1) Are there any "natural" compatibility conditions that one can impose in $Q_{1}$ and $Q_{2}$?. Let me provide an example. Let us take $M$ to be orientable and $2n$-dimensional and let us take $P$ to be its $Gl(2n,\mathbb{R})$-frame bundle. Let us further assume that $M$ it admits almost-complex structures. Then $P$ admits several different reductions:

a) $P$ admits a reduction to a $Sl(2n,\mathbb{R})$-bundle since $M$ it is orientable.

b) $P$ admits a reduction to a $O(2n,\mathbb{R})$-bundle just by choosing a Riemannian metric.
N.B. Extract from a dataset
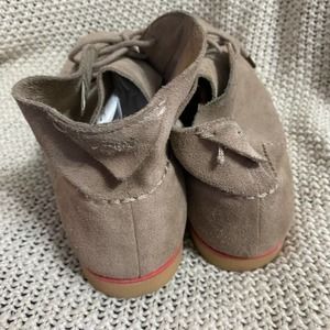 Simple and cute Tom’s ankle boots made of suede. Lace up tie front and slightly above ankle. Stitch work on top of foot and around heel. Boots are super soft and like new.
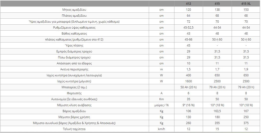 Φαρδύ κάθισμα 60cm (μόνο για τα μοντέλα 415 & 415 XL)

c) $P$ admits a reduction to a $Gl(n,\mathbb{C})$-bundle since it admits an almost-complex structure.

d) $P$ admits a reduction to a $Sp(2n, \mathbb{R})$-bundle since it admits a non-degenerate two-form.

At the end of the day $P$ admits a reduction to a $U(n)$-bundle, namely to the intersection of all the previous groups. Is this a generic situation (see question 2)), or this happens because there is certain compatibility condition between the different reductions a)-d) (for example, the metric $g$, the almost-complex structure $J$ and the non-degenerate two-form $\omega$ are required to satisfy $g(-,-) = \omega(J-,-)$). How can we phrase this compatibility from the point of view of principal bundles exclusively?

2) If $P$ admits topological reductions $Q_{a}$ is it true that then it also admits a topological reduction $Q_{3}$, where $Q_{3}$ is a principal bundle over $M$ with structure group $\rho_{1}(H_{1})\cap \rho_{2}(H_{2})\subset G$?

Thanks.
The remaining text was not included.